LLM Observability in the Wild – Why OpenTelemetry Should Be the Standard

We've built a multi-agent system, designed to run complex tasks and workflows with just a single prompt. Prompts are written by non-technical people, can be 10+ pages long...

We've invested heavily in observability having quickly found that observability + evals are the cornerstone to a successful agent.

For example, a few things measure:

1. Task complexity (assessed by another LLM) 2. Success metrics given the task(s) (Agin by other LLMS) 3. Speed of agent runs & tools 4. Errors of tools, inc time outs. 5. How much summarizaiton and chunking occurs between agents and tool results 6. tokens used, cost 7. reasoning, model selected by our dynamic routing..

Thank god its been relatively cheap to build this in house.. our metrics dashboard is essentially a vibe coded react admin site.. but proves absolutely invaluable!

All of this happed after a heavy investment in agent orchestration, context management... it's been quite a ride!

This is awesome. Love seeing more teams investing early in observability and evals instead of treating them as an afterthought.

Your setup (LLM-assessed complexity, semantic success metrics, tool-level telemetry) hits what a lot of orgs miss, tying evaluation and observability together. Most teams stop at traces and latency, but without semantic evals, you can’t really explain or improve behavior.

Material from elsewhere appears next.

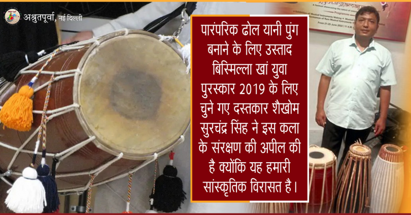 पारंपरिक ढोल यानी पुंग बनाने के लिए उस्ताद बिस्मिल्ला खां युवा पुरस्कार 2019 के लिए चुने गए दस्तकार शैखोम सुरचंद्र सिंह ने इस कला के संरक्षण की अपील की है। उन्होंने कहा कि हम इस कला को संरक्षित करना चाहते हैं क्योंकि यह हमारी सांस्कृतिक विरासत है।
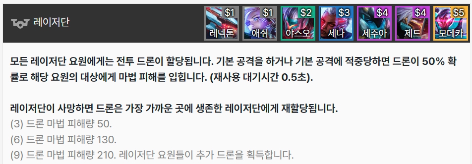 모든 레이저단은 전투 드론이 할당되어 기본 공격을 하거나 기본 공격에 적중당하면 해당 요원의 대상에게 드론이 50% 확률로 마법 피해를 입힙니다. 레이저단 사망 시 드론은 가까운 생존한 레이저단에게 재할당됩니다. 레넥톤, 애쉬, 야스오, 세나, 세주아니, 제드, 모데카이저로 이루어져 있습니다.

We’ve seen the same pattern across production agent systems: once you layer in LLM-as-judge evals, distributed tracing, and data quality signals, debugging turns from “black box” to “explainable system.” That’s when scaling becomes viable.

Would love to hear how you’re handling drift or regression detection across those metrics. With CoAgent, we’ve been exploring automated L2–L4 eval loops (semantic, behavioral, business-value levels) and it’s been eye-opening.